Sydney’s Eastern Suburbs To Be Targeted In First Roadside Tests For Coke

New South Wales drivers are looking like the first in Australia to start being roadside tested for traces of cocaine, with Sydney’s Eastern Suburbs directly in the firing line.

The Daily Telegraph reports that Police Minister Troy Grant has closed some loophole that prevented cocaine from being detected by the DrugWipe devices used by police.

“When roadside testing of oral fluids was introduced in 2006, suitable equipment for detecting cocaine was not available,” he told the paper. “Technology has advanced considerably since that time and the testing of oral fluid for cocaine is now feasible.”

Right now, roadside checks on drivers only test for cannabis, ecstasy and ice.

It’s controversial to say the least, with little clarity on how long different drugs are detectible in your system after the effects are no longer felt.

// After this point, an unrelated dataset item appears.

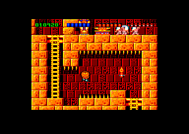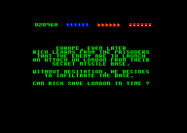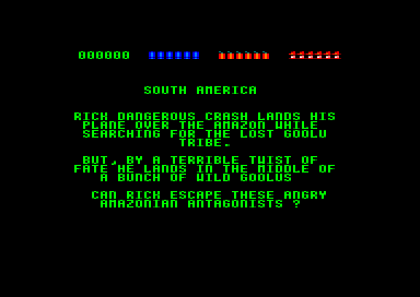 Chargement de la disquette Amstrad. Écran titre en texte. On y apprend que Rick a planté son avion dans la jungle amazonienne, mais là n'est pas le plus important, il doit surtout éviter les cannibales Goolu. Pas de bol il atterrit pile dans un repaire de cannibales. A vous de l'en sortir. En gros. On avance dans le premier tunnel, et là, c'est le drame. On est poursuivi par une boule en pierre. Si cette scène ne vous apparaît pas comme un clin d'œil à Indiana Jones, vous devez penser à consulter. Et c'est là où le parallèle est amusant. Tout le jeu fait vraiment Indiana Jones. Les pièges à la con, les serpents en carton-pâte, le héros qui traverse les régions, qui au final termine avec les nazis, tout y est. Le cliché est en place.
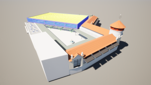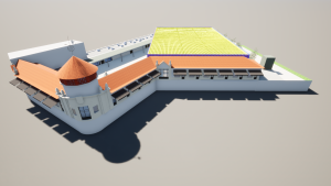 – to the North, by the captain Manuel Carvalho Street and to the West, by the D. Maria II Square. The courtyard, at a lower level, was supported by three buildings in which was sold meat, fish and fruit. The main volume, which was maintained and rehabilitated in the architectural Project, takes form of a broken line in blueprint, but in a higher level it accompanies the street front. The interior spaces are occupied by several commercial establishments (street stores).

For example, earlier this year a Lismore magistrate slammed the NSW Government‘s assertions that cannabis can only be detected in a person’s saliva for up to 12 hours, saying that he’d heard hundreds of cases in just a few months were drivers waited days, or even weeks, before driving.

NSW Greens MP David Shoebridge even launched a Change.org petition calling on police to abandon the roadside drug testing program in January this year, calling it “arbitrary, invasive, and [as having] no relationship to the impairment of drivers on our roads.”

The Daily Tele reports that a trial on roadside drug testing for coke could begin in the Eastern Suburbs by the end of the year.